ENTRIES SUPPLIED:
▼
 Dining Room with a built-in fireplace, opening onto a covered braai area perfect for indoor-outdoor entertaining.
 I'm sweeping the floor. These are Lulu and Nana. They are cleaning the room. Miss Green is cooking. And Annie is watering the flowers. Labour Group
▲
▼
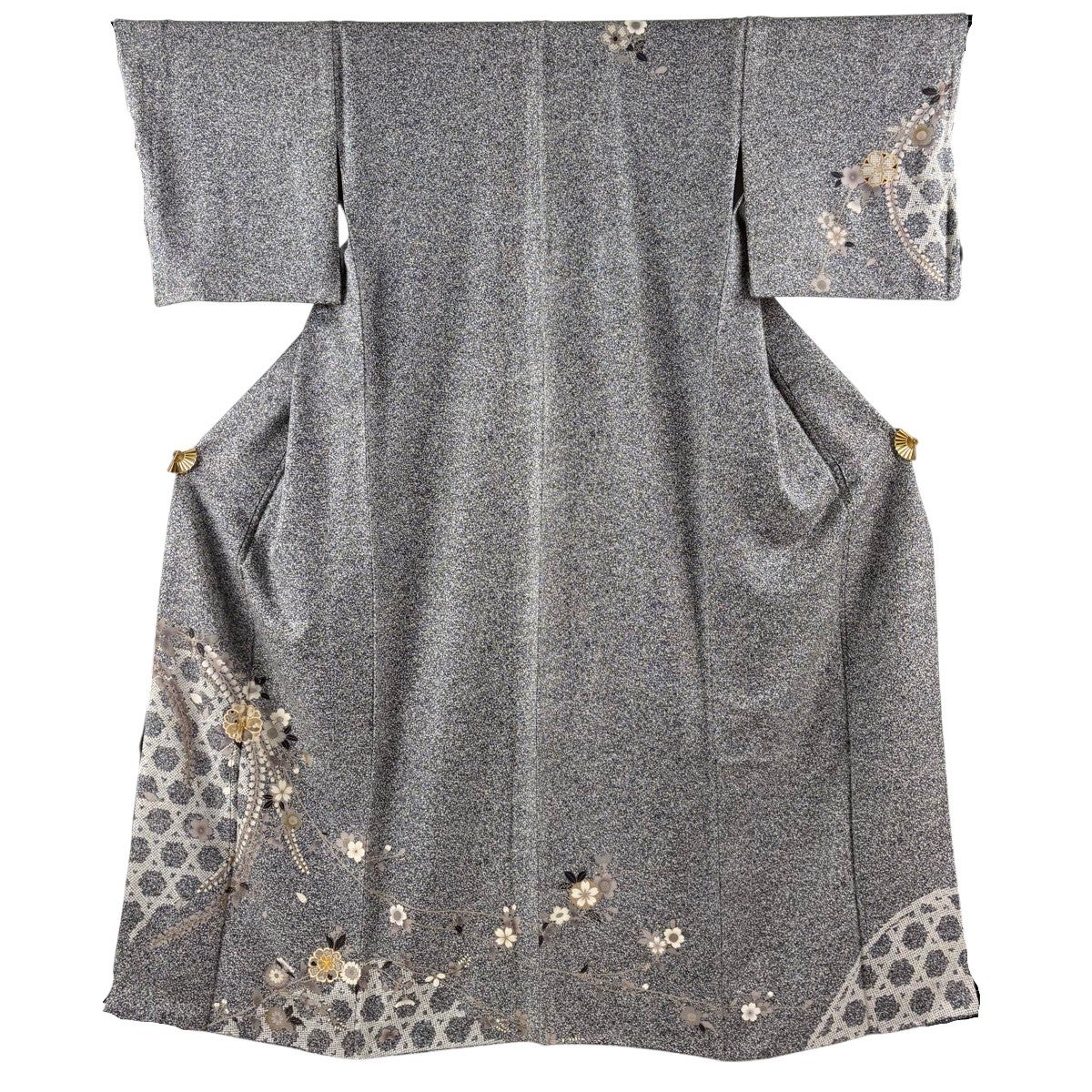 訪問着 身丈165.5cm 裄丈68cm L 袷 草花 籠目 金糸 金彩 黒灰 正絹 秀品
▲
▼
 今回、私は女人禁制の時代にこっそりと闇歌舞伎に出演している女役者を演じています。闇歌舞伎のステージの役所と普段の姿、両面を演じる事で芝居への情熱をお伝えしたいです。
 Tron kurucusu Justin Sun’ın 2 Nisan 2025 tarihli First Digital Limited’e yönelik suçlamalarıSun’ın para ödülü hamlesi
▲
Only the lines above from the line with "今回、私は女人禁制の時代にこ" to the line with "Tron kurucusu Justin", those two lines included, should be reproduced exactly.

WRITTEN SOLUTION:
 今回、私は女人禁制の時代にこっそりと闇歌舞伎に出演している女役者を演じています。闇歌舞伎のステージの役所と普段の姿、両面を演じる事で芝居への情熱をお伝えしたいです。
 Tron kurucusu Justin Sun’ın 2 Nisan 2025 tarihli First Digital Limited’e yönelik suçlamalarıSun’ın para ödülü hamlesi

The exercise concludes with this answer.